Supplied records START
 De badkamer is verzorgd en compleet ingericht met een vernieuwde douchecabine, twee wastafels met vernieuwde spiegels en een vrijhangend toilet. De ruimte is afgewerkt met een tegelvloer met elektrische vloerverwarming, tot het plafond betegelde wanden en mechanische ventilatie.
Supplied records END
Supplied records START
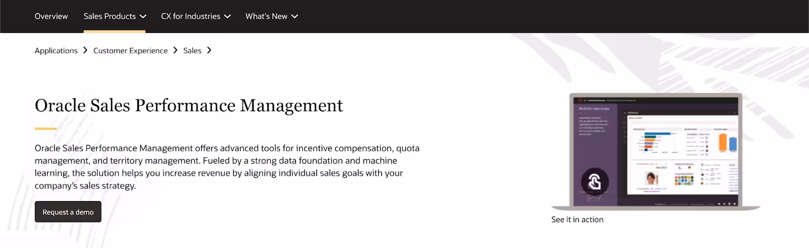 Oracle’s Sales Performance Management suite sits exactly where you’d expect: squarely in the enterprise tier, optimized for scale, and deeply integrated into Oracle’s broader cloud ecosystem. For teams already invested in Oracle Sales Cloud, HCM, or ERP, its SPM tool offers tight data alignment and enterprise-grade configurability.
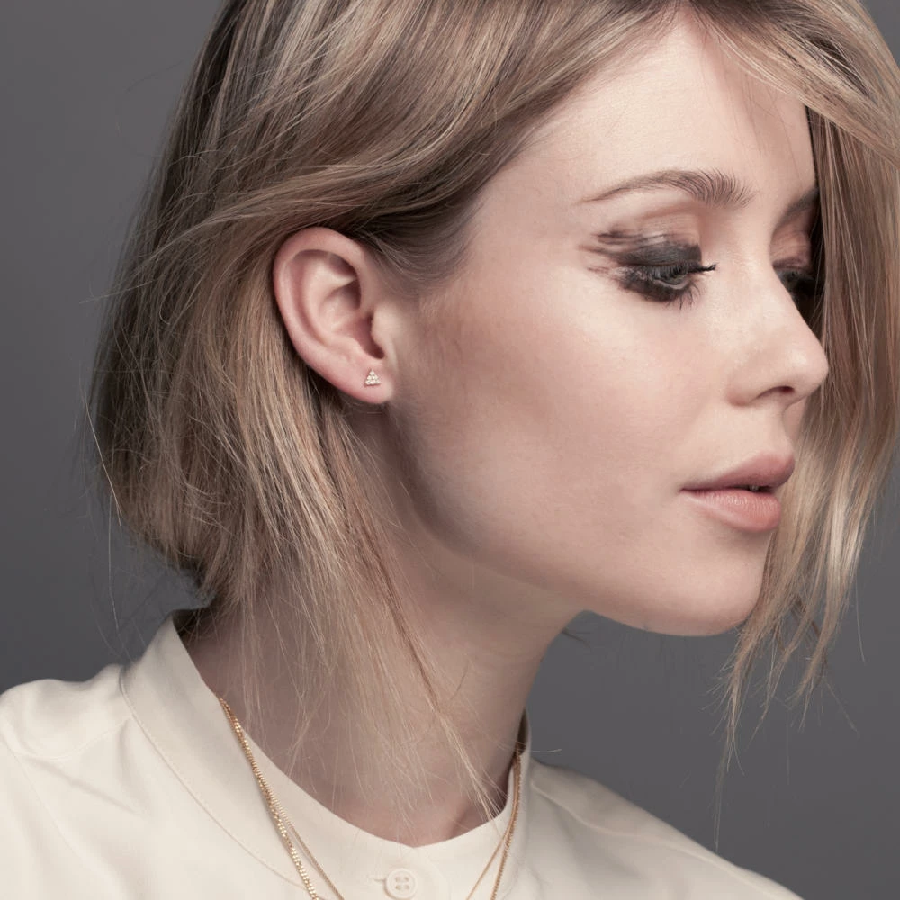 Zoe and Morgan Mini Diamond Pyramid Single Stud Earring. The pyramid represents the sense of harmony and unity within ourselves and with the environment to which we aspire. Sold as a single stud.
Supplied records END
▶ _The task_
Output exactly the lines of the listing above that start with the one holding "Oracle’s Sales Performance" and go on through the one holding "Zoe and Morgan"; leave the pictures out.

▶ _Finished exercise_
 Oracle’s Sales Performance Management suite sits exactly where you’d expect: squarely in the enterprise tier, optimized for scale, and deeply integrated into Oracle’s broader cloud ecosystem. For teams already invested in Oracle Sales Cloud, HCM, or ERP, its SPM tool offers tight data alignment and enterprise-grade configurability.
 Zoe and Morgan Mini Diamond Pyramid Single Stud Earring. The pyramid represents the sense of harmony and unity within ourselves and with the environment to which we aspire. Sold as a single stud.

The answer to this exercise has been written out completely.